The failures that cost data teams the most are invisible to the warehouse and out of scope for the templating layer above it: schema drift, column-rename blast radius, dialect divergence, cost spikes nobody can attribute. Rocky turns them into compile errors and blocked PRs.
Try it in 60 seconds
macOS / Linux
curl -fsSL https://raw.githubusercontent.com/rocky-data/rocky/main/engine/install.sh | bash
Windows (PowerShell)
irm https://raw.githubusercontent.com/rocky-data/rocky/main/engine/install.ps1 | iex
rocky playground my-first-project cd my-first-project rocky compile && rocky test && rocky run
No credentials needed; the playground runs end-to-end on local DuckDB.
rocky run is the one-step path for local iteration and automation. For production or PR-gated deploys, split it into rocky plan (builds and persists an auditable plan to .rocky/plans/<id>.json) followed by rocky apply <plan-id>.
Who Rocky is for
Rocky is built first for data platform engineers running production-critical, multi-tenant pipelines on Databricks , where silent failures cost real money and Dagster is already the orchestrator. That is the launch wedge, and where Rocky is most battle-tested.
The next ring out: Snowflake and BigQuery shops evaluating SQLMesh, who want correctness in the compiler rather than the planner and prefer SQL by default. Adapters are Beta today; see Where Rocky is today below.
See it in action
Each demo below is a self-contained POC in examples/playground/pocs/: cd in, run ./run.sh, and reproduce it locally.
Detects schema drift the moment it happens
A source column type changes upstream. On the next run, Rocky diffs source against target, drops the target, and recreates it. No silent data corruption.
POC: 02-performance/06-schema-drift-recover
Enforces data contracts at compile time
Missing required columns, protected columns being removed, or unsafe type changes surface as diagnostic codes (E010, E013) before a single row is written.
POC: 01-quality/01-data-contracts-strict
Named branches for risk-free experiments
Create a branch, run against it in an isolated schema, inspect, then drop or promote. Column-level lineage shows the downstream blast radius before you ship.
POC: 00-foundations/06-branches-replay-lineage
Column-level lineage, not table-level
Trace a single column from a downstream fact back through its aggregations, all the way to the seed. Blast-radius analysis without reading every model.
POC: 06-developer-experience/01-lineage-column-level
AI model generation with a compile-validate loop
Describe what you want in plain English. Rocky generates a Rocky DSL model, compiles it, and retries on parse failure. The Attempts: 2 line shows the loop catching a first-pass error.

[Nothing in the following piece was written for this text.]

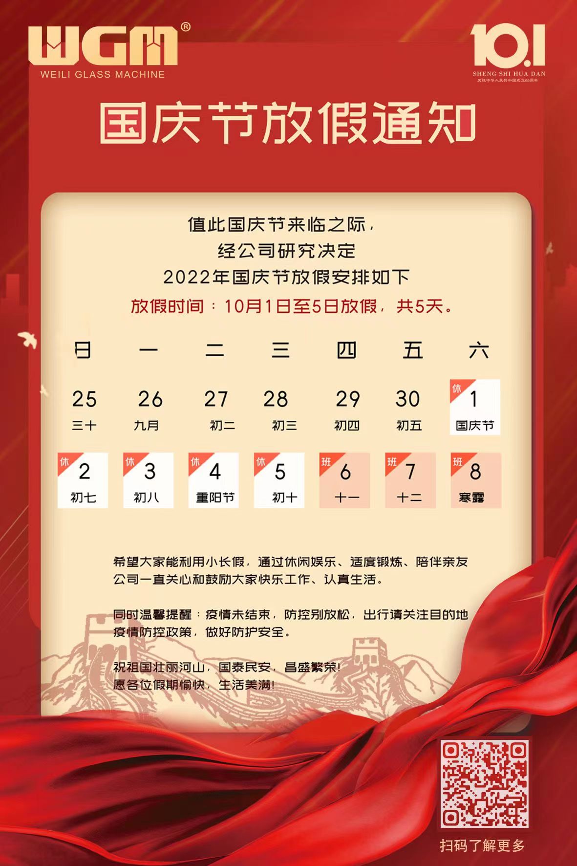 2022年10月1日(周六)-10月5日(周三)為國慶假期,

POC: 03-ai/01-model-generation
PR-time blast-radius with rocky lineage-diff
Compare two git refs and get a per-changed-column readout of downstream consumers; the pre-rendered Markdown drops straight into a GitHub PR comment. CODEOWNERS-style review tooling can't reach this granularity without a compiled engine.

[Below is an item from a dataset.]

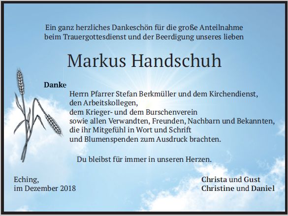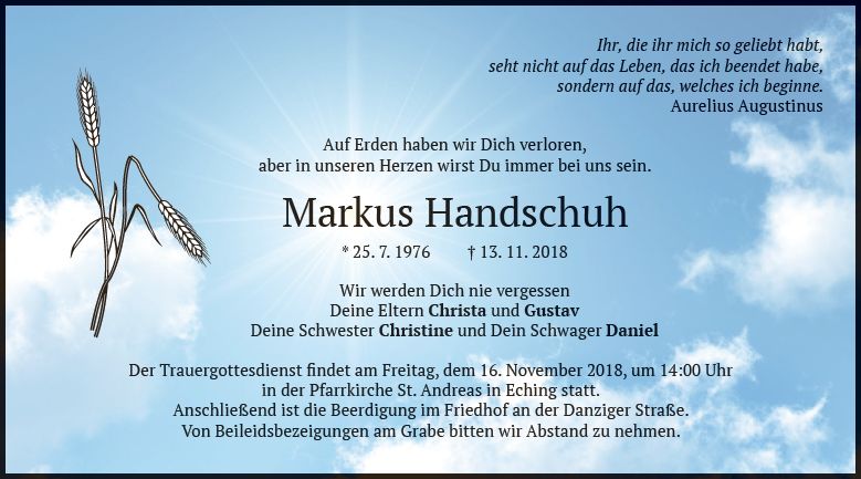 Gottesdienst am Freitag, dem 16. November 2018, um 14:00 Uhr in St. Andreas - Neu in Eching Anschließend Beerdigung am Freitag, um 14:45 Uhr im Friedhof Eching an der Danziger Straße

POC: 06-developer-experience/11-lineage-diff
Classify columns, mask by environment, gate CI
Tag PII columns in the model sidecar, and bind tags to mask strategies in [mask] / [mask.<env>]. rocky compliance --env prod --fail-on exception exits 1 the moment a classified column has no resolved strategy: a one-line CI gate against accidentally unmasked data.
POC: 04-governance/05-classification-masking-compliance
Incremental loads with persistent watermark state
strategy = "incremental" plus a timestamp_column is all it takes. Rocky writes the high-water mark to the embedded state store, and subsequent runs only INSERT … WHERE timestamp > watermark. Append 25 rows after a 500-row load, and run 2 still finishes in 0.2s.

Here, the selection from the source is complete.